Judging by the pic that Jody posted, I would say that $1800.00 is fair and maybe you should buy it. The deck looks to be in really good condition and is definitely worth $500.00 all by itself. So, that means the deck is basically free.

As I said over on Farmall Cub, I have the piece that you need. If you buy the Cub, let me know. I can either send you a full size tracing or just as easy, send you the PTO Clip that you need.

Keep us posted.


----------



## Tau44 (Dec 7, 2003)

Waited to long. The guy sold it. I found another one with a belly mower, crack in the block needs paint and all. For $1350?

Les


----------



## slipshod (Sep 19, 2003)

*Les*

My recomendation to you is at all costs, do not buy a Farmall Cub. My reason for giving you this advise? Cubs are like drugs, once you get one it is never enough. These little 10.5 horse power marvals get in your blood. I have several tractors of various sizes, but is the "Cubs" that are the most fun. Just today I did snow removal with my 1960 with the twin-draulics loader, not the best machine I have for snow plowing, but it is a blast. This guy is all original, only on it's second set of plugs, distributer cap, and rotor.
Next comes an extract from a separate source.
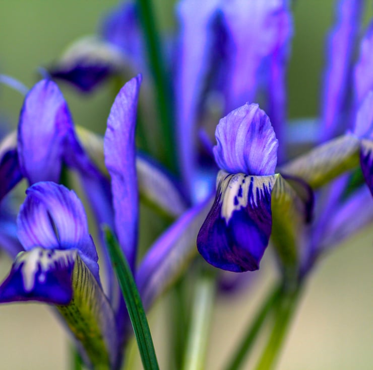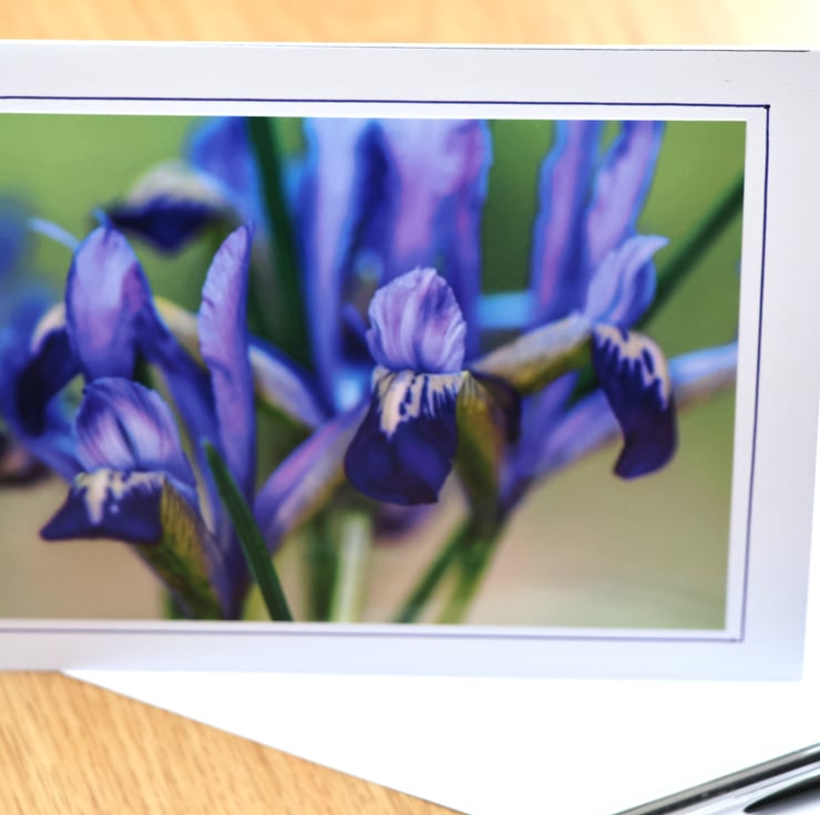 A professionally printed 6 x 4 inch approx. card of a group of Blue Iris Reticulata flower heads.. This is mounted on a 7 x 5 inch approx. plain white card, with a blank inner, left plain for you to add your own message. An envelope is included.

I should be wearing a mask and carrying a gun for what I paid for this machine,$500.00. My only complaint,I had to put gas in it today and I just filled it up in June.
Slipshod


----------



## spook291 (Oct 26, 2003)

Les:

$1300.00 with a cracked block? Not a chance. However, a good used block can be had from www.tmtractor.com or www.jptractorsalvage.com for a reasonable price. Check out their web pages.
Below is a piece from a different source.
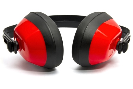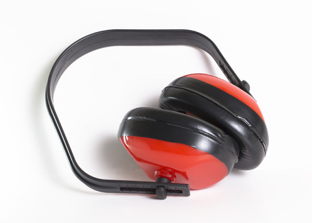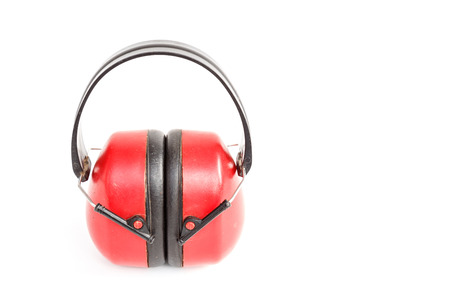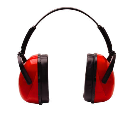 Close up of professional hearing protection with red ear capsules and black temple for work protection in noisy environment on white background earmuff
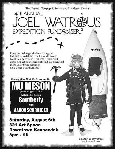 The ultimate plan for this show was to have there be a live television feed from the mountains where Joel was. He was to paddle up to shore and come out of a canoe in a scuba suit and tell us of his new found fortunes. Good thing we passed on this idea. Great flyer though done by Brett Bradford.

As I said earlier, the Woods can be worth $500.00 if it is in a good condition as the one shown above.

Offer him $800.00 or so, AFTER you check the above mentioned web pages. That way you can justify the cost of a new block and labour swapping out stuff for the lower offer. 
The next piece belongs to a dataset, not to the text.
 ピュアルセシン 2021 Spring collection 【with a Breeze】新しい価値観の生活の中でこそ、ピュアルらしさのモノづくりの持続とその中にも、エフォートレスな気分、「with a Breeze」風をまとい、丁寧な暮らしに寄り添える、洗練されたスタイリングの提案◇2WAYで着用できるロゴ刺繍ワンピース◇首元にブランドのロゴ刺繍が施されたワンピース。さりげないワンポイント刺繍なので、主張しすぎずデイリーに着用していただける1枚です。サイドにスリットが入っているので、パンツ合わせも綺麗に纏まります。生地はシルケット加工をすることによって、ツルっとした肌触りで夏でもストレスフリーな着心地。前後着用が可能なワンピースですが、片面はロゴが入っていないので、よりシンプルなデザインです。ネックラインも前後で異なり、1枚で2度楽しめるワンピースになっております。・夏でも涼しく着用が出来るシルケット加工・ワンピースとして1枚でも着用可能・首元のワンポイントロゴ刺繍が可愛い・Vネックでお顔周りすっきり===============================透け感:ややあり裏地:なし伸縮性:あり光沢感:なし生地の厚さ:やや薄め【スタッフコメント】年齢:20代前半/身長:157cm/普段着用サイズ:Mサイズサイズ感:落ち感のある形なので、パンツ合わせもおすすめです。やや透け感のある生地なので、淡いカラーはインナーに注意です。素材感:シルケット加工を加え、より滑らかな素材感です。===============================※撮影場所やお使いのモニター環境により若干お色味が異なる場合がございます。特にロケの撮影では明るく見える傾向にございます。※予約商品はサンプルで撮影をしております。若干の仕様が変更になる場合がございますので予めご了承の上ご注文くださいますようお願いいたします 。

I really would not go much higher on that. If he won't budge, keep looking.


----------



## Tau44 (Dec 7, 2003)

Thanks for the advice.


----------



## parts man (Sep 24, 2003)

$800 would be way low!! The deck is worth $500, that only leaves $300 for the tractor!! You would be OK at at least $1000.


----------



## Ingersoll444 (Sep 17, 2003)

Tough call. 

The big thing is you need to plan for a big case of "wile your at it's" Ya you can get a good block, and maybe a few hundred off of the tractor, but remember all the stuff you will want to do to it wile its torn down.


----------



## Tau44 (Dec 7, 2003)

found a Cub that is apart for $400.00 The head is off. Says it has a blown head gasket. They took the head off was going to put a head gasket on and never got around too it? Says the tractor is in fair shape. Says their no cracks or welds on the tractor. Would you all take a chance on this tractor. It has a good tag. Later model Cub painted yellow. He is going to send some pictures and get the serial number for me. He said just looking at the head it looks good. But wouldn't know for sure until you took it too a machine shop. I would probably just put a head gasket on and go with it and see what happens....

Thanks, 

Tau


----------



## Ingersoll444 (Sep 17, 2003)

Well for 400 seems good. Eaven if you need a whole mew motor, seems like you would be ahead.


----------



## jodyand (Sep 16, 2003)

Well i don't know how much the gaskets would be but at one of the sites that Rudi posted. The man is selling the used heads for $135. so if the head is cracked you can buy another head and gaskets should put you about $600. This guy says that he has all the heads looked at. Here is what he says at his site. Here is the link to his site with all the heads.

heads

Note: cylinder heads are taken to a vendor for reconditioning. 
cylinder head is degreased, glass beaded, surfaced and magna fluxed, good threads for spark plugs, water outlet elbow


----------



## parts man (Sep 24, 2003)

At $400 grab it, even if just for parts for any later purchase!!


----------